We all have some things in common.
We all breath (Yes, I know. I am profound).
We all have B.O. if we never shower (Yes I am talking about you, too).
Oh yes, there is another thing. We are all depraved.
We who have been redeemed and who have tasted and seen that the Lord is good still struggle. Each of us has some areas in which we are weaker than others.
I have never struggled with alcohol. Or, a potty mouth. But I can be impatient to the point of ungodliness. I can be blinded by ambition.
Some things tempt you more than they tempt me and vice versa. One of the marks of sanctification is our growing recognition of our personal weaknesses and our devotion to planning strategies to thwart them.
But there is another aspect of our lives we all must learn to cope with. For lack of a better term I will call it the pattern of life.
As we become adults and settle into a pattern or rhythm of life, certain times in that pattern find us more open to change, more filled with joy, or conversely, more easily ticked off, or more easily given to sin in our areas of greatest weakness.
Talk to most pastors and they will tell you Mondays are the worst. A pastor can have a great day Sunday and still be a little depressed on Monday. There are also seasons of the year when enthusiasm is easier—the beginning of a new series, the Easter season, etc. If you have been through a tragedy or time of great loss, you are more open to times of depression around the anniversary of that event.
I have figured out such a pattern in my life. For me, the last week or two of each semester brings with it a brief season of paralysis of analysis, the time I am most likely to overthink. I begin the semester fired up and ready to challenge students to forsake all for the gospel. I believe that as earnestly at the end of the term as the beginning. But for some reason when I get near the end, my mind focuses too heavily on the negative.
I did not know get to know some students as must as I would have liked.
I focus on the lectures that needed great improvement.
I worry over how I managed the class, thinking almost exclusively about the places I need to improve.
I deal with the realization that some students with whom I am very close are about to depart. I know, they come here to leave, but I do love them.

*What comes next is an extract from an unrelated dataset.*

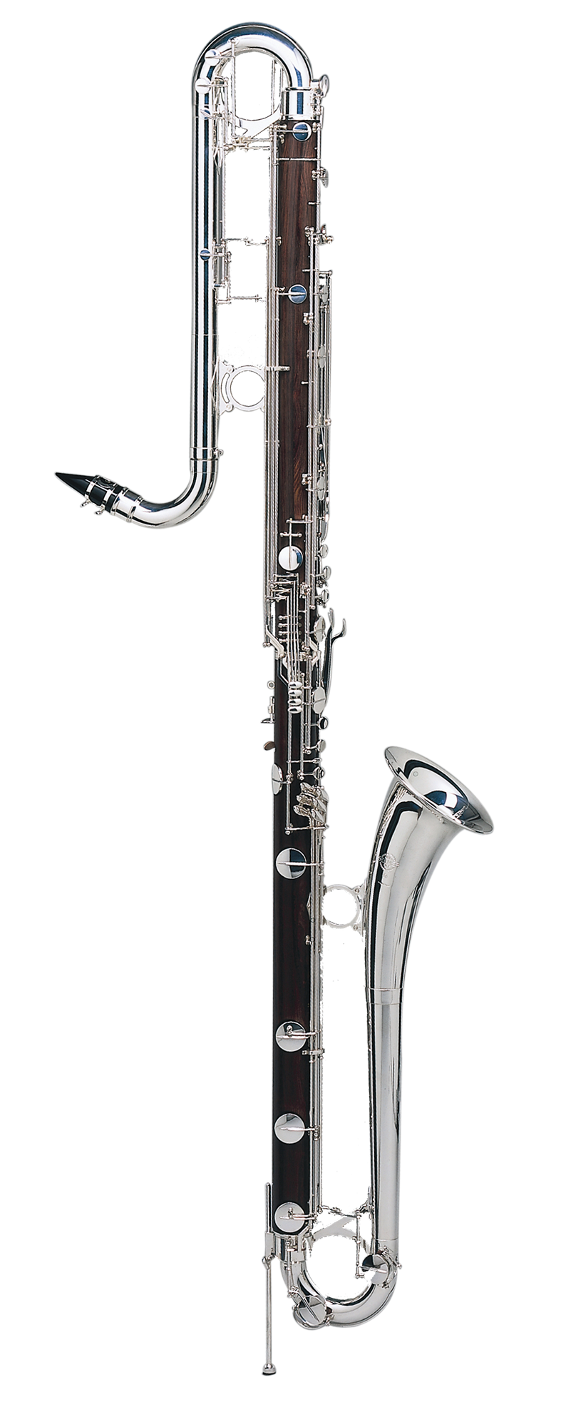 Key of Bb Bore: 33.9mm Pitch: 442 Range to low C Silver plated nickel silver neck, adjustable for tuning Rosewood body Silver plated brass bell Adjustable stand Silver plated nickel silver has more texture than nickel, which makes it easier to finger fast technique Leather pads with metal resonators get a perfect seal, and helps players get a warmer, more resonant tone Stainless steel needle springs Mouthpiece: Standard C* B-flat Contra Bass clarinet mouthpiece Case: Bb Contra Bass light case

Of course honest evaluation makes up a critical part of one’s life. But overly obsessing on the negative demonstrates a failure to understand the gospel’s effect in all of life all the time. I do not like admitting my own frailty.
No doubt what I just described would not accurately reflect your own seasons of weakness. But you have them. Perhaps taking a little time to think about those periods in your life will help you to avoid some level of angst in the future. I know for me, one of the best things I can do is to schedule less things the last couple of weeks and allow for a little chill time (memo to self: I pretty much blew it on that one this semester).

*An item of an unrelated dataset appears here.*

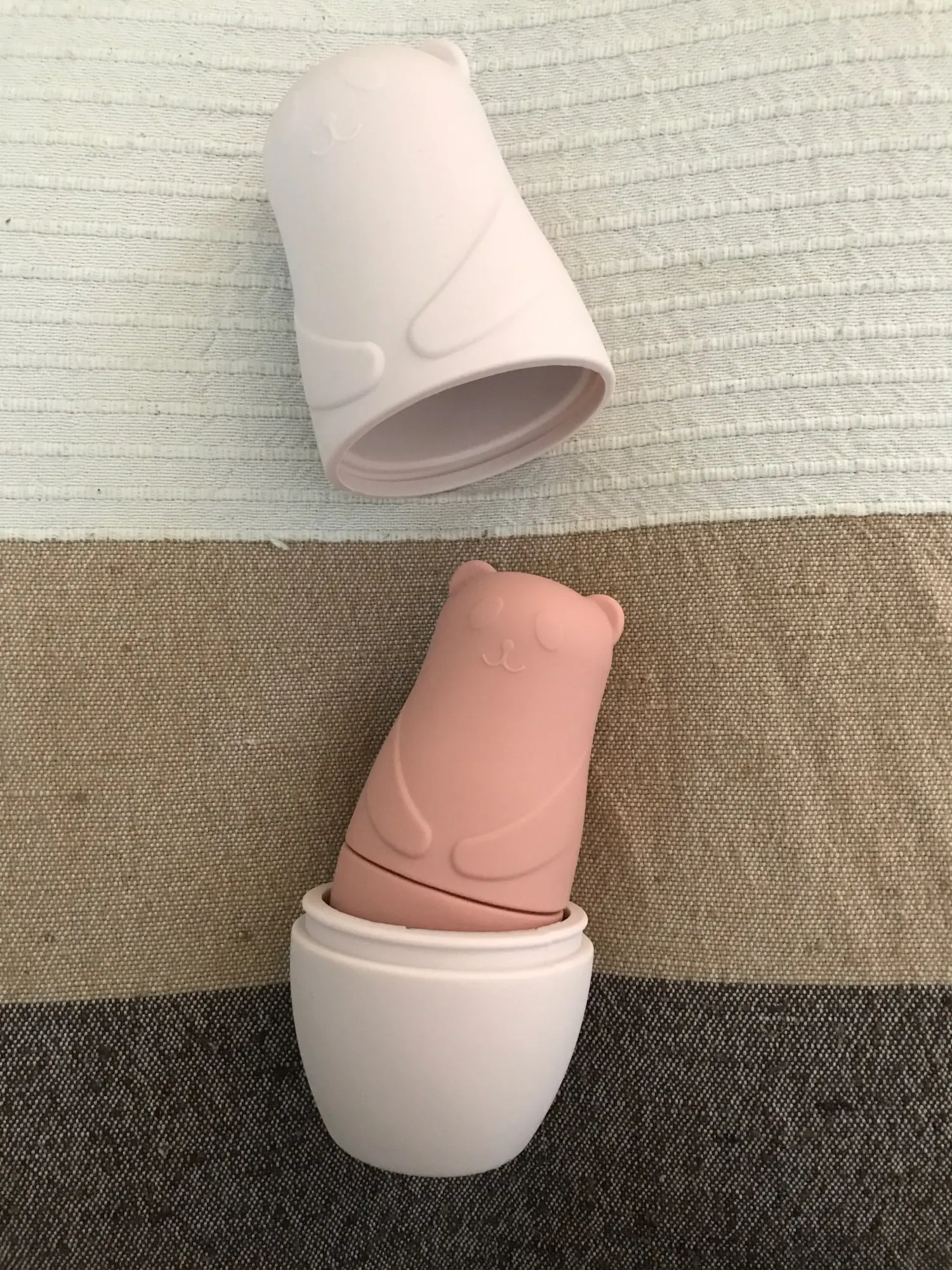 They are very good, they are made of silicone, and they have loved it and although when he gets tired of playing to take out and put one inside the other and gives him to throw them, I am not worried. Good buy

What time of the day, the week, or the year brings you the greatest temptation to take your eyes off the gospel? When are you most likely to give in to temptation of any sort? What can you do to plan a strategy to change that? For a student, what times do you find it easiest to waste time excessively and thus trivialize holiness in the name of personal gratification? What time are you more susceptible to be involved with secret sin? When in the year do you find yourself more weak in dealing with depression or distraction?
Sanctification means more than overcoming individual areas of temptation. It means we become more aware of ourselves, and of our own tendencies to put ourselves in a place of weakness.
I will spend more time the last two weeks of the semester reflecting on the wonder that God would let me teach at such an amazing place as SEBTS. I will be sure to connect with those who really encourage me. And I will be honest in my weaknesses, avoiding the temptation to be a phony and act like all is well all the time when I really do have times I need the encouragement of others. Most of all, I will spend more time thinking well about the gospel. We could all do more of that, regardless the pattern of our lives.